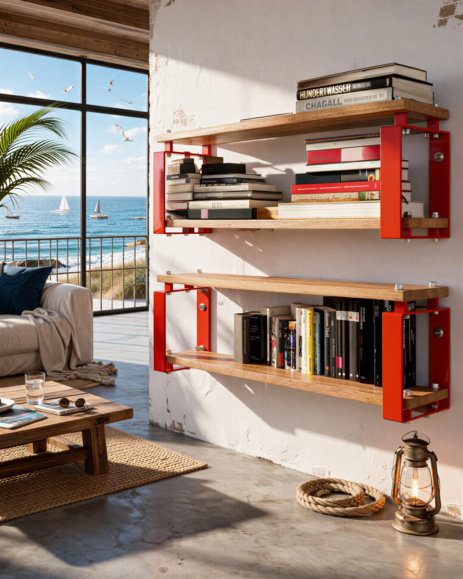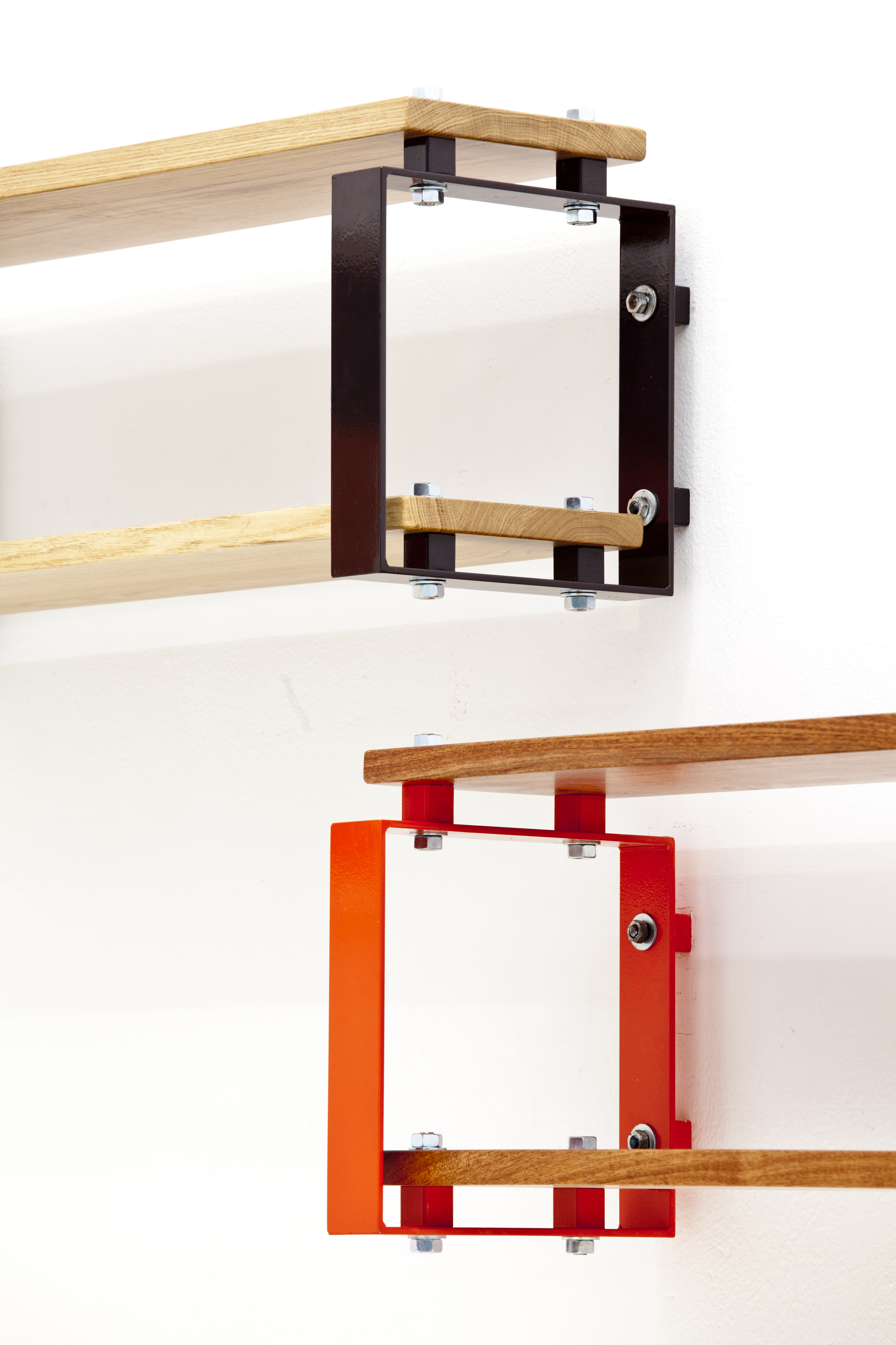 Struttura portante componibile in metallo verniciato con bulloni a vista. Ripiani in legno massello con finitura a cera naturale 100%.
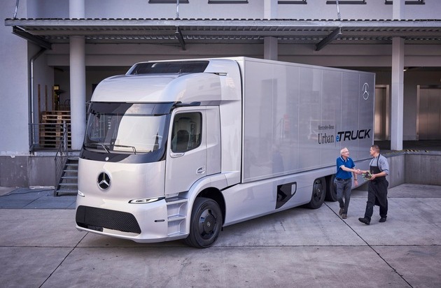 Mercedes-Benz urban eTruck, Exterior, silver arrow metallic, three-axle short-radius distribution truck, 2 x 125 kW, 2 x 500 Nm, 3 modules of lithium-ion batteries, total capacity: 212 kWh, electrically driven rear axle, operating range: up to 200 km, permissible gross vehicle weight: 26 t; Texte complémentaire par ots et sur www.presseportal.ch/fr/nr/100001544 / L'utilisation de cette image est pour des buts redactionnels gratuite. Publication sous indication de source: "obs/Mercedes-Benz Schweiz AG/Daimler AG"
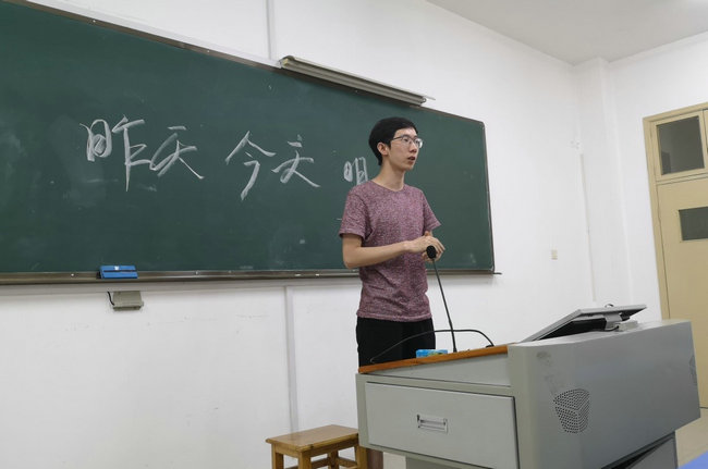 主持人社前任社长刘敬章同学的发言令人深省。作为从外国语专业转过来的他要比别人付出更多努力才行。从大二开始,他因为要补修许多课程,再加上学生工作,很少有时间休息。但他一直保持着积极乐观的心态,并与班级其他同学相处融洽,互相帮助。他的精神值得我们学习。

* * * * * * * * *

Any images must be dropped; all other material is to be printed exactly.

_Solution for this task_:
 Struttura portante componibile in metallo verniciato con bulloni a vista. Ripiani in legno massello con finitura a cera naturale 100%.
 Mercedes-Benz urban eTruck, Exterior, silver arrow metallic, three-axle short-radius distribution truck, 2 x 125 kW, 2 x 500 Nm, 3 modules of lithium-ion batteries, total capacity: 212 kWh, electrically driven rear axle, operating range: up to 200 km, permissible gross vehicle weight: 26 t; Texte complémentaire par ots et sur www.presseportal.ch/fr/nr/100001544 / L'utilisation de cette image est pour des buts redactionnels gratuite. Publication sous indication de source: "obs/Mercedes-Benz Schweiz AG/Daimler AG"
 主持人社前任社长刘敬章同学的发言令人深省。作为从外国语专业转过来的他要比别人付出更多努力才行。从大二开始,他因为要补修许多课程,再加上学生工作,很少有时间休息。但他一直保持着积极乐观的心态,并与班级其他同学相处融洽,互相帮助。他的精神值得我们学习。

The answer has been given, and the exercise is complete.